• Problem: Only one span is wanted from the lines below: from the one with "Color: E10 red" up to and including the one with "Dieser motorische Stellantrieb". Copy it exactly, without images.

• Exercise materials:
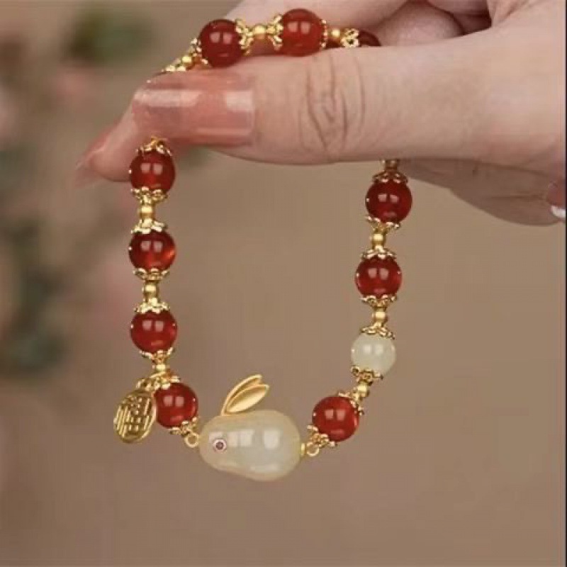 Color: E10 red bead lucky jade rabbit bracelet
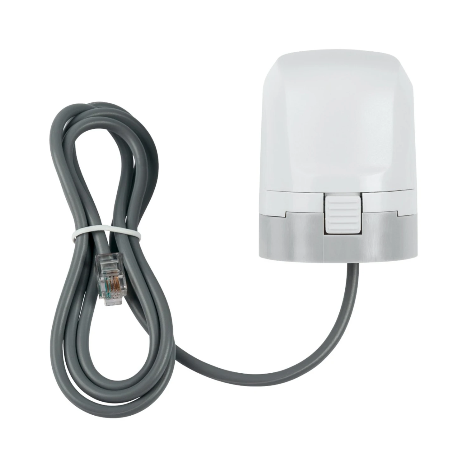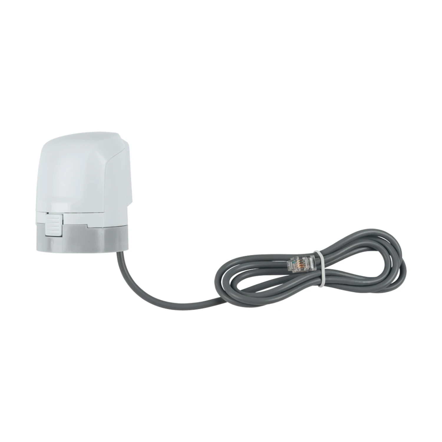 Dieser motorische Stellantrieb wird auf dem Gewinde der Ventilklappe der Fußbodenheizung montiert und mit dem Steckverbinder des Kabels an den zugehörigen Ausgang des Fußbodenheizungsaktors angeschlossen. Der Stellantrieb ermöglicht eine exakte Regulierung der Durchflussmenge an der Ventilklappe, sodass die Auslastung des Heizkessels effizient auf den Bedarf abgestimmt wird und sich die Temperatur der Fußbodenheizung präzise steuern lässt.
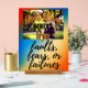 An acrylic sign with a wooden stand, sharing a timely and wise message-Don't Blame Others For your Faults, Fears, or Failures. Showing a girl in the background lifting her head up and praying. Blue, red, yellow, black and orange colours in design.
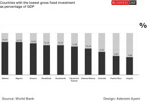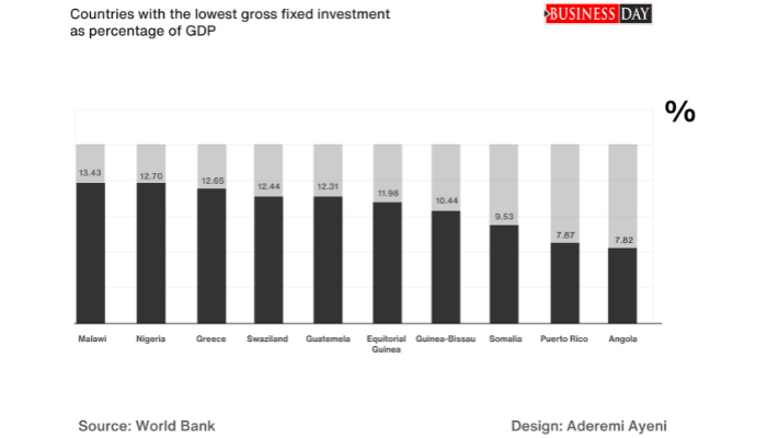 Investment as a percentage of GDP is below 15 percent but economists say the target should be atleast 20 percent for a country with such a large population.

--

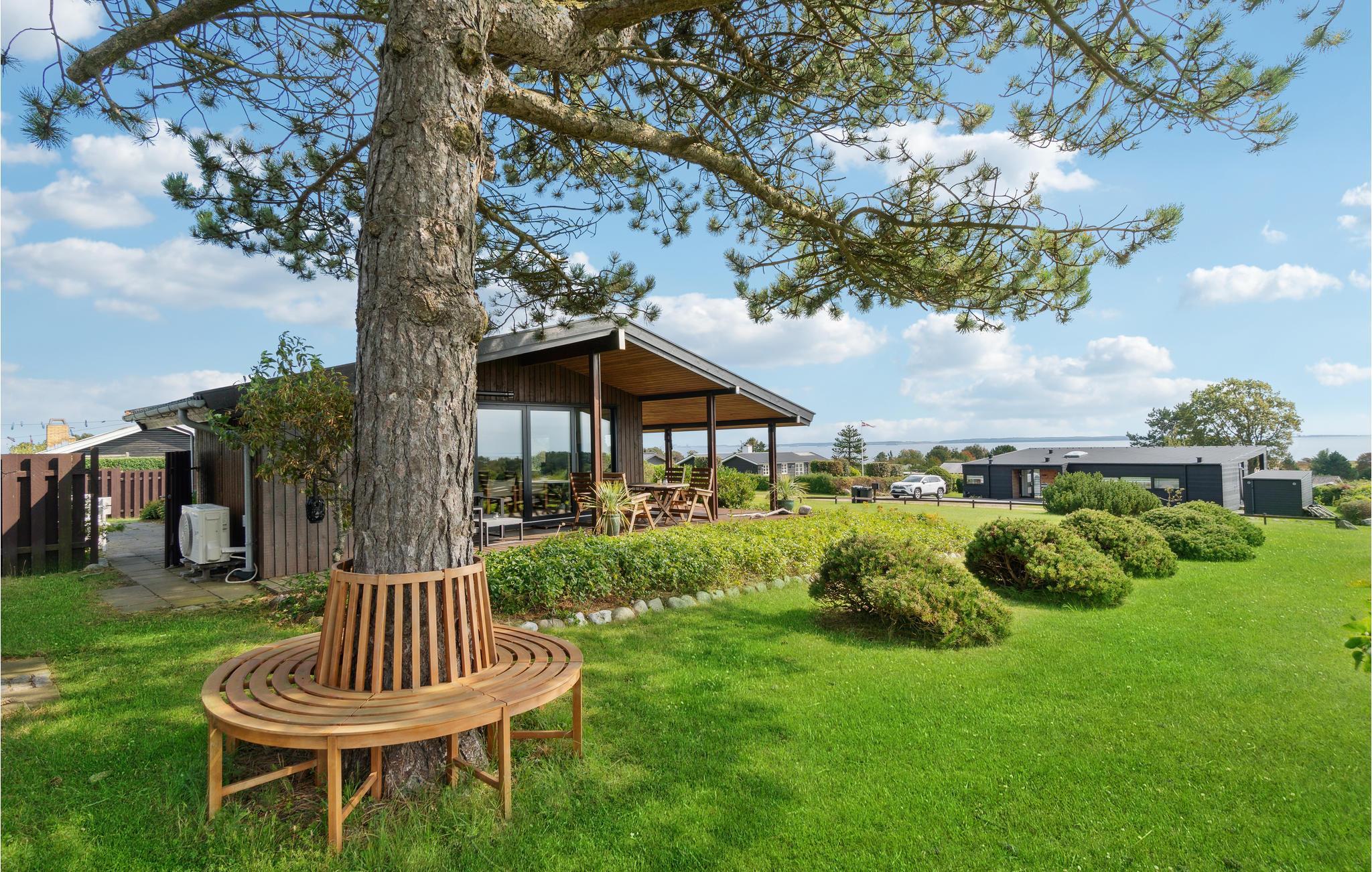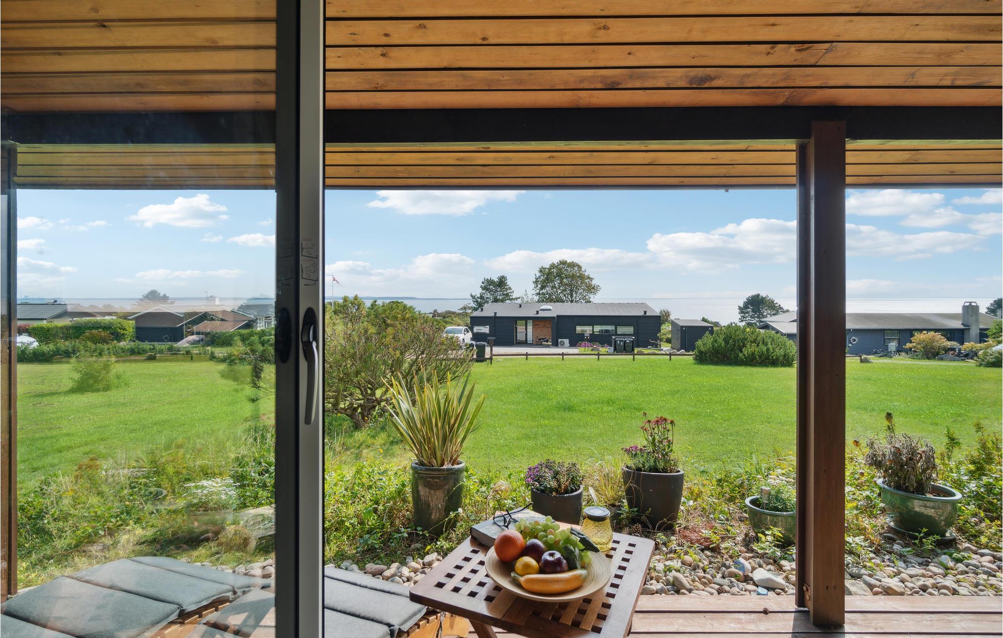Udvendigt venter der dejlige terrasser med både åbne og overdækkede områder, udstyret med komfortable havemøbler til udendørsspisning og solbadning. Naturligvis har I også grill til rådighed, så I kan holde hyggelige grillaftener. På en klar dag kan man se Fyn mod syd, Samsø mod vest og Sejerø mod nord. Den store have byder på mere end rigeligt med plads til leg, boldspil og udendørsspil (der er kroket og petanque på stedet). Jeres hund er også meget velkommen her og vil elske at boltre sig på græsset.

• Response below:
 Color: E10 red bead lucky jade rabbit bracelet
 Dieser motorische Stellantrieb wird auf dem Gewinde der Ventilklappe der Fußbodenheizung montiert und mit dem Steckverbinder des Kabels an den zugehörigen Ausgang des Fußbodenheizungsaktors angeschlossen. Der Stellantrieb ermöglicht eine exakte Regulierung der Durchflussmenge an der Ventilklappe, sodass die Auslastung des Heizkessels effizient auf den Bedarf abgestimmt wird und sich die Temperatur der Fußbodenheizung präzise steuern lässt.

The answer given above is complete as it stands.